§ What you should do: The expected response is the complete listing below, restated exactly, with its pictures omitted.

§ Excerpted data:
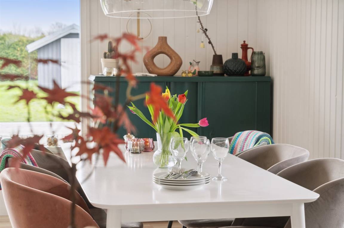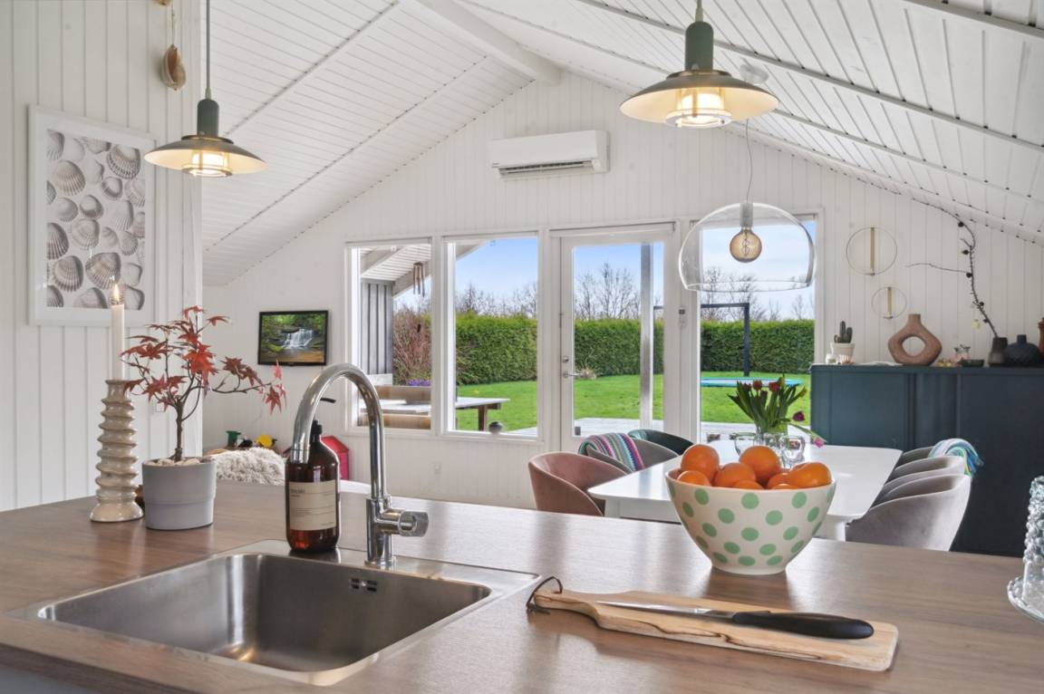 Ein gemütliches, nettes Ferienhaus in dem beliebten Feriengebiet Hasmark. Das Haus liegt auf einem großen Grundstück mit viel Platz für Aktivitäten im Freien.
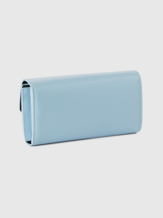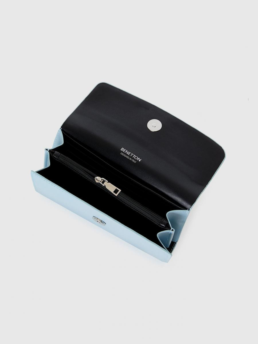 Benetton ženski pravougaoni novčanik od glatke imitacije kože. Prednji preklop i skriveni otvor sa dugmetom. Metalni logo na prednjoj strani. Dva unutrašnja odeljka za novčanice, džep za novčiće i utore za kreditne kartice. Dimenzije: 19*10*3 cm.
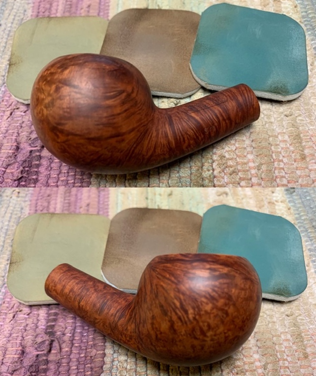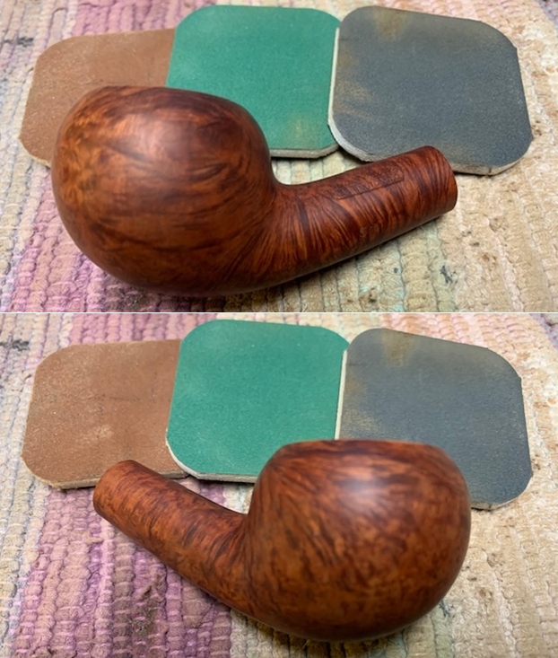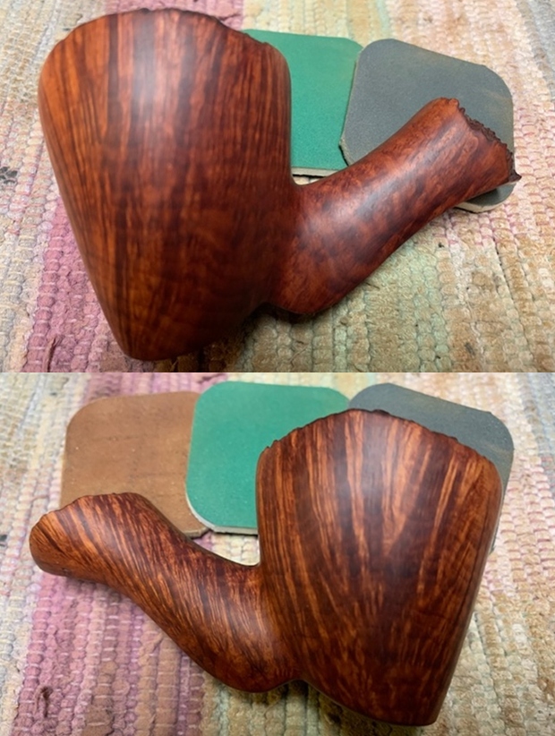 I removed the new stem and turned my attention to the bowl for a while. I would come back to polishing the stem shortly. I polished the briar with micromesh sanding pads – 1500-12000 grit pads. I wiped the bowl down after each pad with a damp cloth.
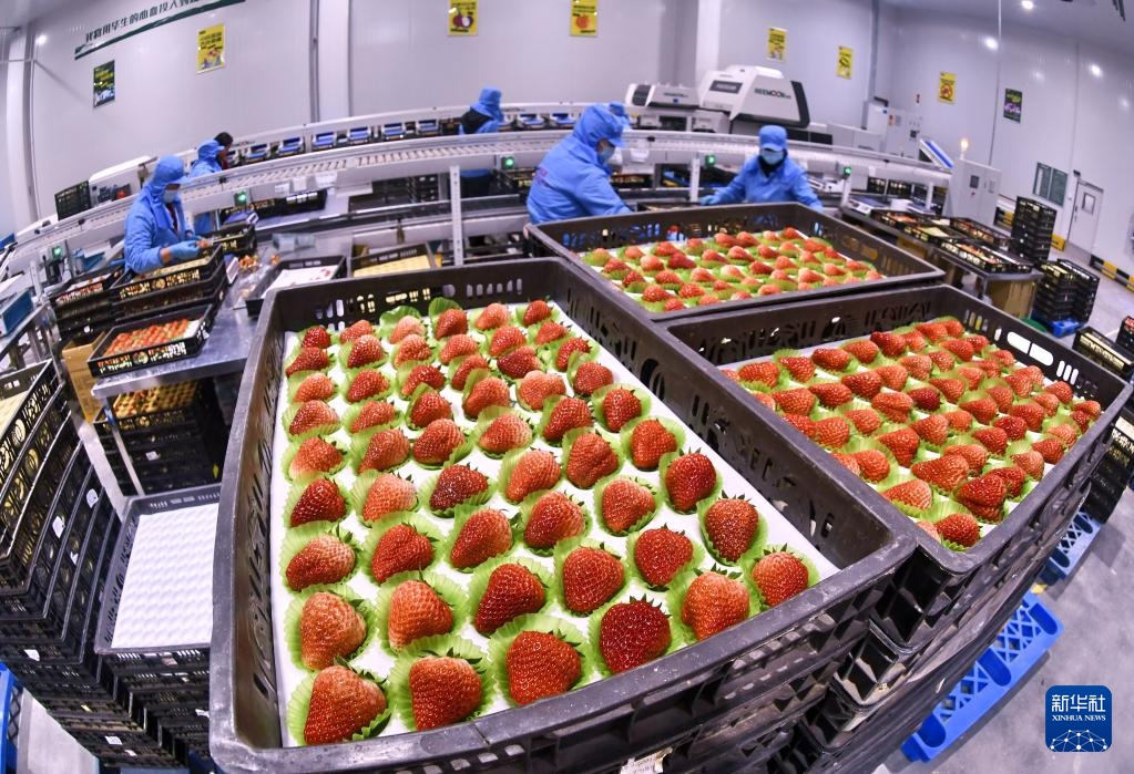 1月14日,村民在低温包装车间进行草莓筛选包装。
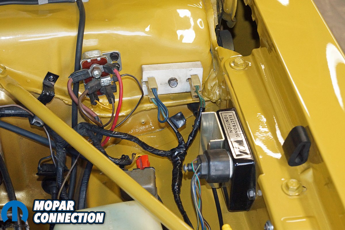 Above Left: The slant six received new bearings, rings, and gaskets in 2011, and has less than 9,500 miles since the refresh. Above Right: The ignition is a factory electronic ignition with a dual-ballast resistor and 5-pin ignition module.
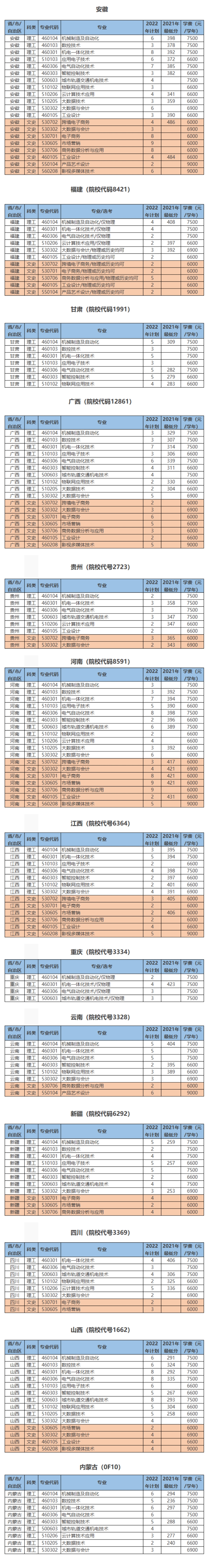 2022年,我校面向浙江、安徽、山西、内蒙古、福建、江西、河南、广西、重庆、四川、贵州、云南、甘肃、新疆等省市自治区招生。具体专业计划和参考分数线如下:
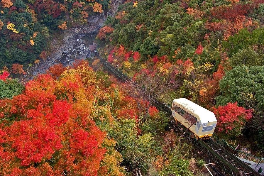 Due to the steepness of the terrain in the valley, where the spring emerges is sometimes not quite where it’s convenient to place a hotel, so the outdoor baths are located above or below the accommodation itself, and a charming funicular railway takes you to the open air bath. The view from the bath changes with the seasons.
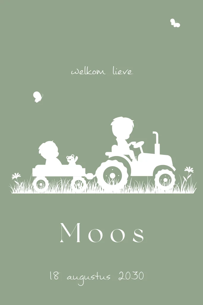 Lief geboortekaartje met een silhouet van een jongetje en zijn broertje dat op een trekker zit. Het geboortekaartje heeft een groene kleur en kan naar wens worden aangepast in de online editor.
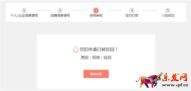 信息填寫完成,點擊提交,進入待審核階段,您的申請將會在 48 小時內處理完畢,審核結果將通過手機短信告知。如果被駁回,登錄拼多多招商平臺,可查看駁回原因,并重新修改后提交;審核通過的,可直接進入下一個環節。

§ Worked solution:
 Ein gemütliches, nettes Ferienhaus in dem beliebten Feriengebiet Hasmark. Das Haus liegt auf einem großen Grundstück mit viel Platz für Aktivitäten im Freien.
 Benetton ženski pravougaoni novčanik od glatke imitacije kože. Prednji preklop i skriveni otvor sa dugmetom. Metalni logo na prednjoj strani. Dva unutrašnja odeljka za novčanice, džep za novčiće i utore za kreditne kartice. Dimenzije: 19*10*3 cm.
 I removed the new stem and turned my attention to the bowl for a while. I would come back to polishing the stem shortly. I polished the briar with micromesh sanding pads – 1500-12000 grit pads. I wiped the bowl down after each pad with a damp cloth.
 1月14日,村民在低温包装车间进行草莓筛选包装。
 Above Left: The slant six received new bearings, rings, and gaskets in 2011, and has less than 9,500 miles since the refresh. Above Right: The ignition is a factory electronic ignition with a dual-ballast resistor and 5-pin ignition module.
 2022年,我校面向浙江、安徽、山西、内蒙古、福建、江西、河南、广西、重庆、四川、贵州、云南、甘肃、新疆等省市自治区招生。具体专业计划和参考分数线如下:
 Due to the steepness of the terrain in the valley, where the spring emerges is sometimes not quite where it’s convenient to place a hotel, so the outdoor baths are located above or below the accommodation itself, and a charming funicular railway takes you to the open air bath. The view from the bath changes with the seasons.
 Lief geboortekaartje met een silhouet van een jongetje en zijn broertje dat op een trekker zit. Het geboortekaartje heeft een groene kleur en kan naar wens worden aangepast in de online editor.
 信息填寫完成,點擊提交,進入待審核階段,您的申請將會在 48 小時內處理完畢,審核結果將通過手機短信告知。如果被駁回,登錄拼多多招商平臺,可查看駁回原因,并重新修改后提交;審核通過的,可直接進入下一個環節。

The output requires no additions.